The problem: Every line of the data should be written out exactly, with the pictures left out.

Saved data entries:
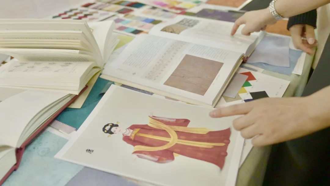 《年锦》造型设计张婷介绍,每个设计图都会改几十版,用百余种颜色、十几种布料打样。在反复修改纹样、无数次上色实验后,设计师最终定稿,交给织锦厂定制织造。
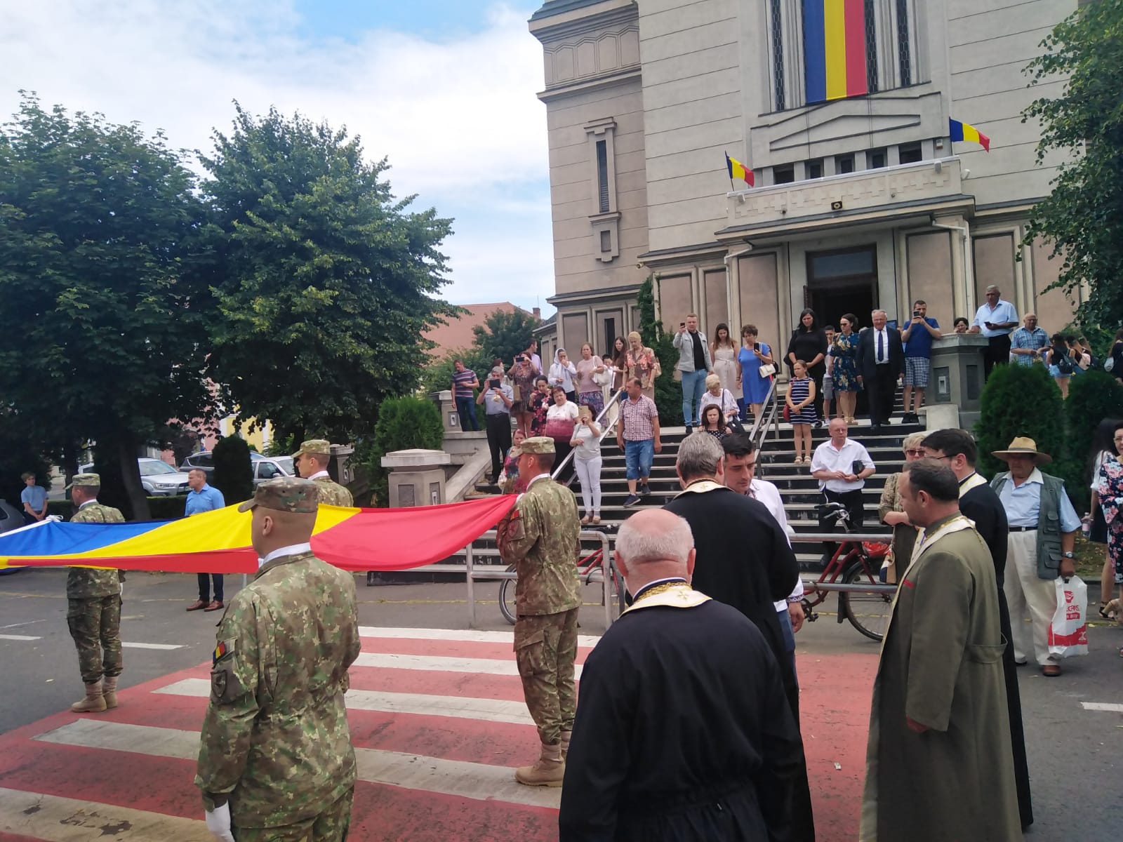 Cu acest prilej, credincioșii târgumureșeni, împreună cu slujitorii lor, au celebrat Sfânta Liturghie, după care au luat parte la slujba de binecuvântare a drapelului național, în catedrala mare din municipiul reședință de județ. Acest moment a fost urmat de o scurtă procesiune în fața statuii eroului Avram Iancu, unde, pe acordurile imnului național, drapelul național a fost înălțat, în prezența oficialităților locale. Momentul festiv de astăzi s-a bucurat de prezența grupului de muzică psaltică Anastasios, care a încântat audiența cu cântece patriotice și religioase.
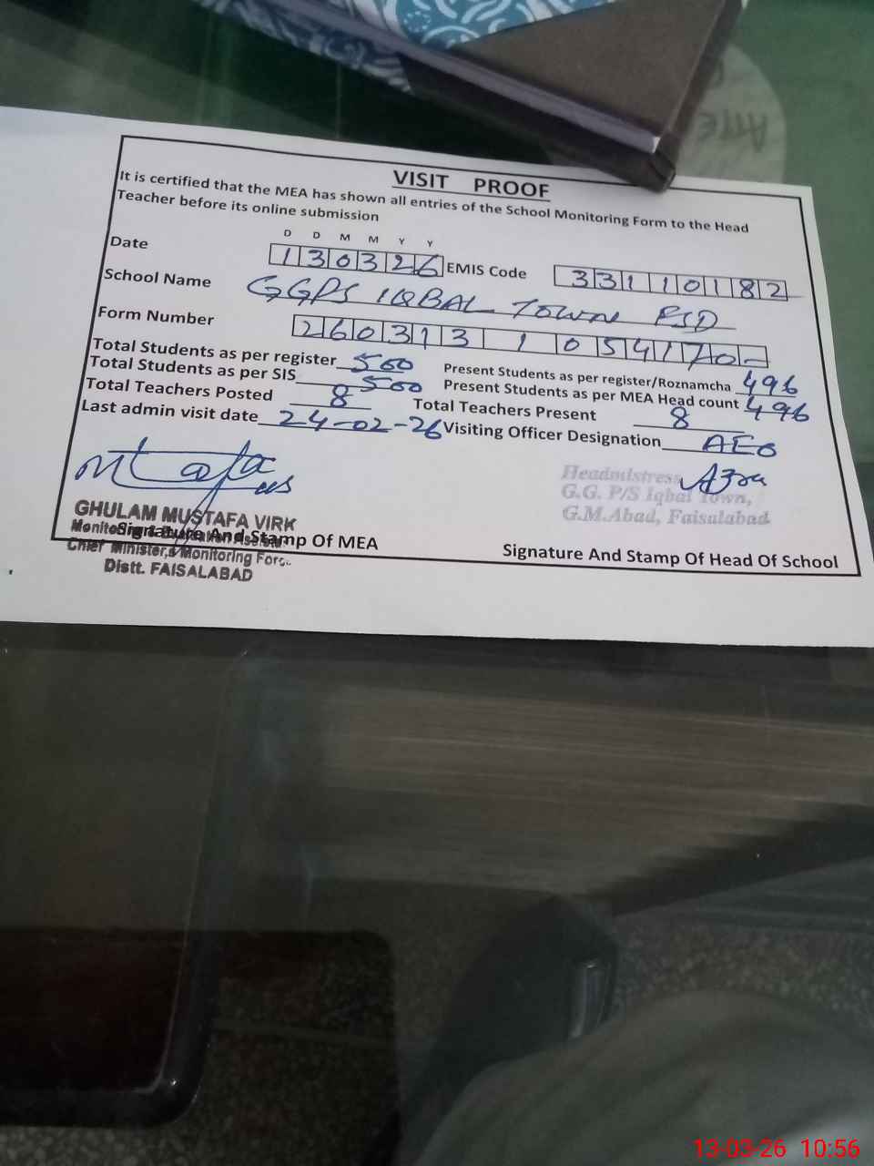 | EMIS Code: 33110182 | Name of School: GGPS IQBAL TOWN FSD | |||
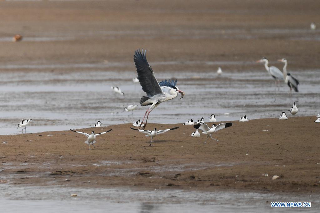 Des oiseaux migrateurs au réservoir de Hailiu dans la bannière gauche de Tumd, à Hohhot, dans la région autonome de Mongolie intérieure, dans le nord de la Chine, le 28 mars 2022. (Xinhua/Liu Lei)
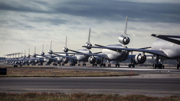另一个核心是以空中预警机、空中加油机等为代表的通勤飞机,这类飞机虽然不直接进行对敌轰炸,但几乎所有的战斗机、轰炸机的远征行动都需要有这类通勤飞机的长途伴随保障。
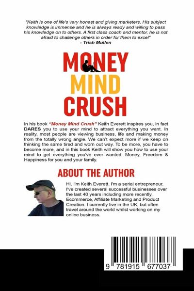 Are You Fed Up With Living Paycheck to Paycheck? Is Every Day Just Like Groundhog Day? - The SAME Boring, Tired Old Routine? Are You CRAVING more? Hold tight, you are about to change your life FOREVER!! In his book, "Money Mind Crush" Keith Everett, a successful Entrepreneur for over 40yrs inspires you, in fact, he DARES you to use your mind to attract all the money that you could want. Most people are "Sleeping Awake"... missing out on life, missing out on freedom, missing out on their TRUE potential. You can't expect more if you keep thinking in the same tired, worn-out way. Think better - Get MORE! It's time to WAKE UP and learn new ways... Don't settle for less. Life is too short to keep repeating the same tired old ways of thinking, that get most people absolutely NOWHERE. They spend their lives spinning their wheels, repeating the same old mistakes. What are those mistakes actually costing you in lost earnings, lost time with your family, and lost time missing out on the life you deserve? There is a better way...what you need is a NEW way of thinking.. For things to change, you have to change, many people are on the hamster wheel to nowhere. Nothing changes until we, ourselves decide to. In this book, Keith will show you how to think in a different, he will show you how to think your way to SUCCESS and attract all the good things back into your life.. It's CRAZY! Most people are too busy attracting what they don't want. Learn the secret of the emotional bank account. Learning this one technique alone will fire more dollars into your physical bank account. This is just one of the many techniques you are about to learn. You are about to increase your MIND POWER 100% What you can expect from Money Mind Crush Keith will show you Bullet-Proof ways to create as much money as you could possibly want without working your tail off doing it. Keith shares Life's Golden Triangle - The three-step formula to a seriously happy Life, master this, and you are GOLDEN! Also, Keith shares: The Art of Rich Thinking, how making money is an art form. WINNING through self-doubt - KILL IT, who needs self-doubt? let's get rid of it. How To unclutter your mind and steer yourself to an astounding life of SUCCESS and Happiness. And of course much, much more.
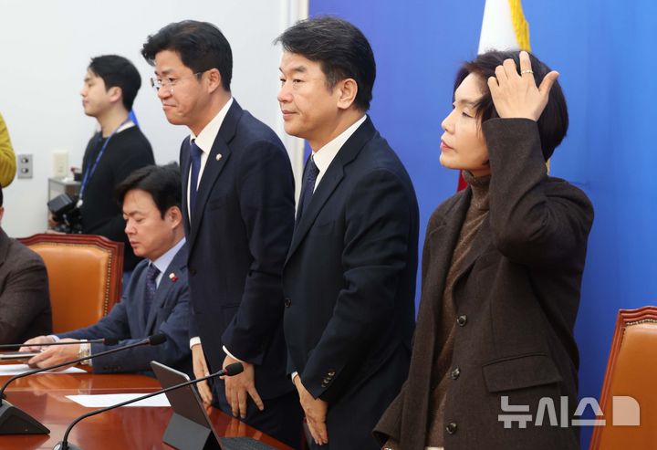 [서울=뉴시스] 조성봉 기자 = 문진석 더불어민주당 원내대표 직무대행과 원내지도부가 6일 오전 서울 여의도 국회에서 열린 원내대책회의에서 굳은 표정을 짓고 있다. 2026.01.06. [email protected]
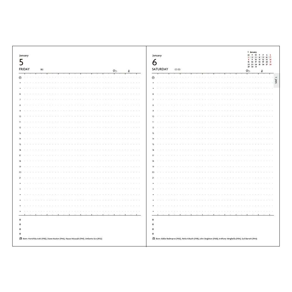 Daily page has a simple 5 mm wide dot ruling specification, but has a convenient guide point for drawing vertical lines vertically.

Solution to the exercise:
 《年锦》造型设计张婷介绍,每个设计图都会改几十版,用百余种颜色、十几种布料打样。在反复修改纹样、无数次上色实验后,设计师最终定稿,交给织锦厂定制织造。
 Cu acest prilej, credincioșii târgumureșeni, împreună cu slujitorii lor, au celebrat Sfânta Liturghie, după care au luat parte la slujba de binecuvântare a drapelului național, în catedrala mare din municipiul reședință de județ. Acest moment a fost urmat de o scurtă procesiune în fața statuii eroului Avram Iancu, unde, pe acordurile imnului național, drapelul național a fost înălțat, în prezența oficialităților locale. Momentul festiv de astăzi s-a bucurat de prezența grupului de muzică psaltică Anastasios, care a încântat audiența cu cântece patriotice și religioase.
 | EMIS Code: 33110182 | Name of School: GGPS IQBAL TOWN FSD | |||
 Des oiseaux migrateurs au réservoir de Hailiu dans la bannière gauche de Tumd, à Hohhot, dans la région autonome de Mongolie intérieure, dans le nord de la Chine, le 28 mars 2022. (Xinhua/Liu Lei)
另一个核心是以空中预警机、空中加油机等为代表的通勤飞机,这类飞机虽然不直接进行对敌轰炸,但几乎所有的战斗机、轰炸机的远征行动都需要有这类通勤飞机的长途伴随保障。
 Are You Fed Up With Living Paycheck to Paycheck? Is Every Day Just Like Groundhog Day? - The SAME Boring, Tired Old Routine? Are You CRAVING more? Hold tight, you are about to change your life FOREVER!! In his book, "Money Mind Crush" Keith Everett, a successful Entrepreneur for over 40yrs inspires you, in fact, he DARES you to use your mind to attract all the money that you could want. Most people are "Sleeping Awake"... missing out on life, missing out on freedom, missing out on their TRUE potential. You can't expect more if you keep thinking in the same tired, worn-out way. Think better - Get MORE! It's time to WAKE UP and learn new ways... Don't settle for less. Life is too short to keep repeating the same tired old ways of thinking, that get most people absolutely NOWHERE. They spend their lives spinning their wheels, repeating the same old mistakes. What are those mistakes actually costing you in lost earnings, lost time with your family, and lost time missing out on the life you deserve? There is a better way...what you need is a NEW way of thinking.. For things to change, you have to change, many people are on the hamster wheel to nowhere. Nothing changes until we, ourselves decide to. In this book, Keith will show you how to think in a different, he will show you how to think your way to SUCCESS and attract all the good things back into your life.. It's CRAZY! Most people are too busy attracting what they don't want. Learn the secret of the emotional bank account. Learning this one technique alone will fire more dollars into your physical bank account. This is just one of the many techniques you are about to learn. You are about to increase your MIND POWER 100% What you can expect from Money Mind Crush Keith will show you Bullet-Proof ways to create as much money as you could possibly want without working your tail off doing it. Keith shares Life's Golden Triangle - The three-step formula to a seriously happy Life, master this, and you are GOLDEN! Also, Keith shares: The Art of Rich Thinking, how making money is an art form. WINNING through self-doubt - KILL IT, who needs self-doubt? let's get rid of it. How To unclutter your mind and steer yourself to an astounding life of SUCCESS and Happiness. And of course much, much more.
 [서울=뉴시스] 조성봉 기자 = 문진석 더불어민주당 원내대표 직무대행과 원내지도부가 6일 오전 서울 여의도 국회에서 열린 원내대책회의에서 굳은 표정을 짓고 있다. 2026.01.06. [email protected]
 Daily page has a simple 5 mm wide dot ruling specification, but has a convenient guide point for drawing vertical lines vertically.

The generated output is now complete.